G W Schmidt - One of the best experts on this subject based on the ideXlab platform.

  • vision survival after open globe injury predicted by classification and Regression Tree analysis
    Ophthalmology, 2008
    Co-Authors: G W Schmidt, A T Broman, H B Hindman, Michael P Grant
    Abstract:

    Objective To assist ophthalmologists in treating ocular trauma patients, this study developed and validated a prognostic model to predict vision survival after open globe injury. Design Retrospective cohort review. Participants Two hundred fourteen patients who sought treatment at the Wilmer Ophthalmological Institute with open globe injuries from January 1, 2001, through December 31, 2004, were part of the data set used to build the classification Tree model.

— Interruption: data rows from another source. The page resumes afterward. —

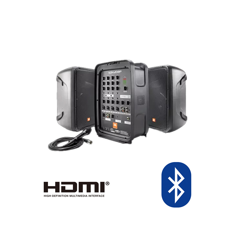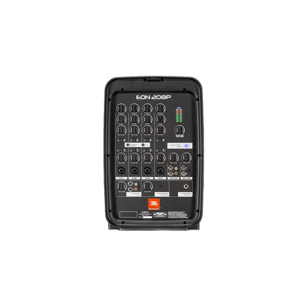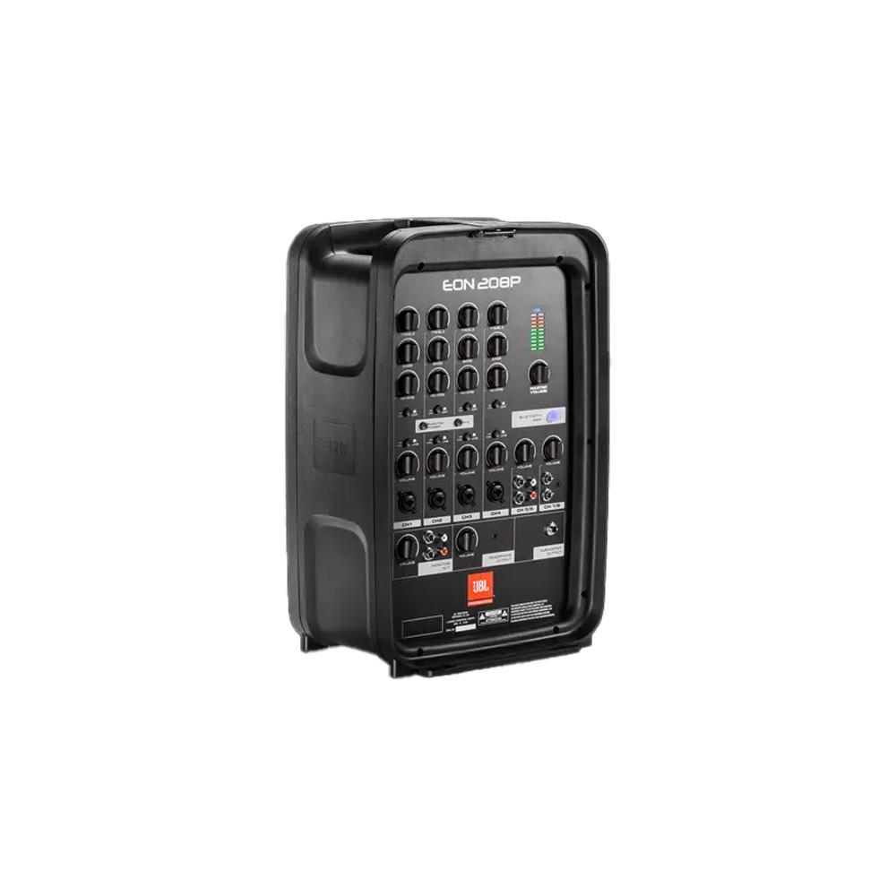 Bring legendary JBL sound quality to your stage with the EON208P all-in-one portable PA system. Featuring a convenient suitcase-style design, the EON208P makes it easy to get great sound for performances, meetings and events. The 8-channel detachable mixer provides professional connections for mics, instruments and line-level sources, while the 8” two-way stereo speakers deliver best-in-class audience coverage. Bluetooth connectivity allows you to stream audio from your mobile device. Thanks to 300 watts of power, you’ll have enough volume to be heard loud and clear. Plus, the compact and lightweight form factor makes transportation easy—you can carry the entire system with one hand.
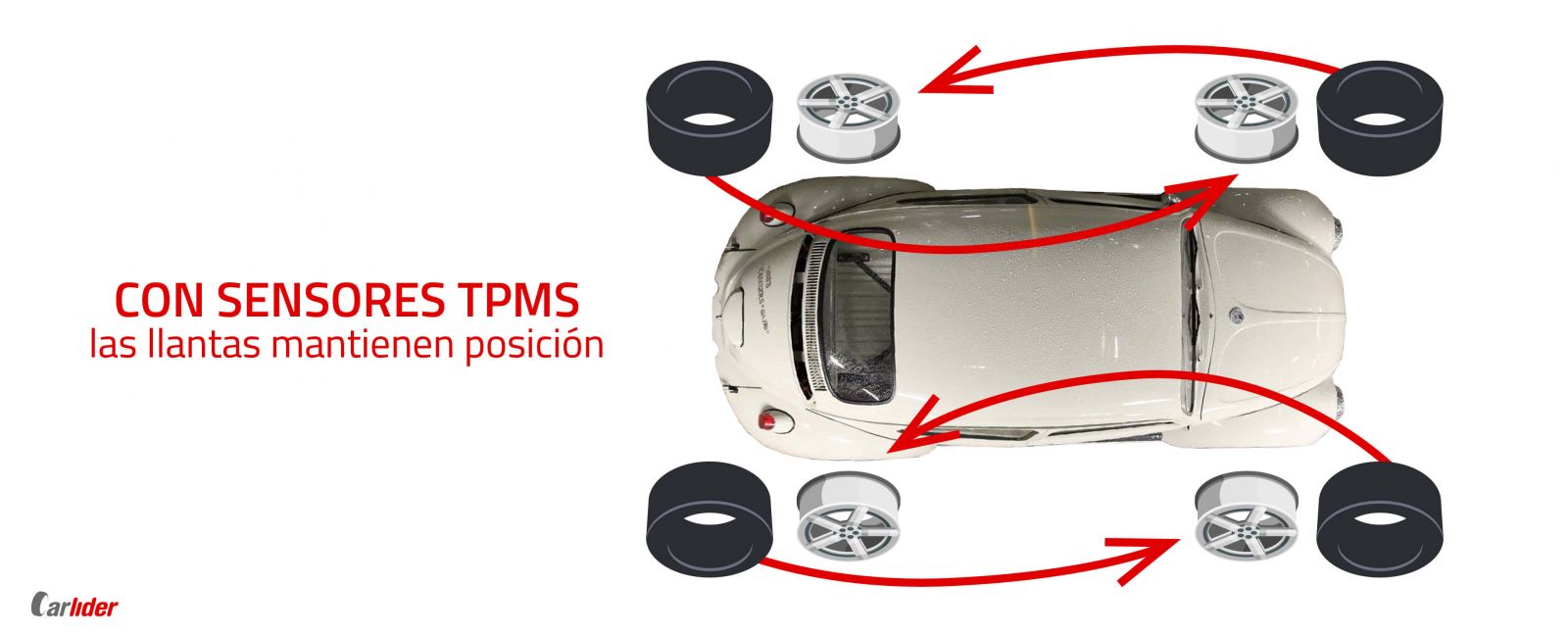 Si el vehículo tiene instalado sensores TPMS en las llantas, no podemos trasladar la rueda completa de sitio para no interferir en la transmisión de datos, sino que habría que mantener las llantas en la misma posición de origen y mover sólo los neumáticos.
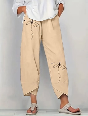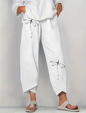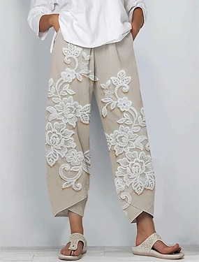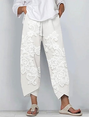 Femmes Faux coton lin Chinos Pantalon d'été Pantalons Actif Décontracté Quotidien Long Taille haute Fleuri Avec Poches Taille Élastique Impression Respirabilité Doux Micro-Élastique Vacances Rue

Then, to validate the classification Tree, 51 patients were followed up with the goal to compare their actual visual outcome with the outcome predicted by the Tree grown from the classification and Regression Tree analysis. Methods Binary recursive partitioning was used to construct a classification Tree to predict visual outcome after open globe injury. The retrospective cohort treated for open globe injury from January 1, 2001, through December 31, 2004, was used to develop the prognostic Tree and constitutes the training sample. A second independent sample of patient eyes seen from January 1, 2005, through October 15, 2005, was used to validate the prognostic Tree. Main Outcome Measures Two main visual outcomes were assessed: vision survival (range, 20/20–light perception) and no vision (included no light perception, enucleation, and evisceration outcomes). Results A prognostic model for open globe injury outcome was constructed using 214 open globe injuries. Of 14 predictors determined to be associated with a no vision outcome in univariate analysis, presence of a relative afferent pupillary defect and poor initial visual acuity were the most predictive of complete loss of vision; presence of lid laceration and posterior wound location also predicted poor visual outcomes. In an independent cohort of 51 eyes, the prognostic model had 85.7% sensitivity to predict no vision correctly and 91.9% specificity to predict vision survival correctly. Conclusions The open globe injury prognostic model constructed in this study demonstrated excellent predictive accuracy and should be useful in counseling patients and making clinical decisions regarding open globe injury management.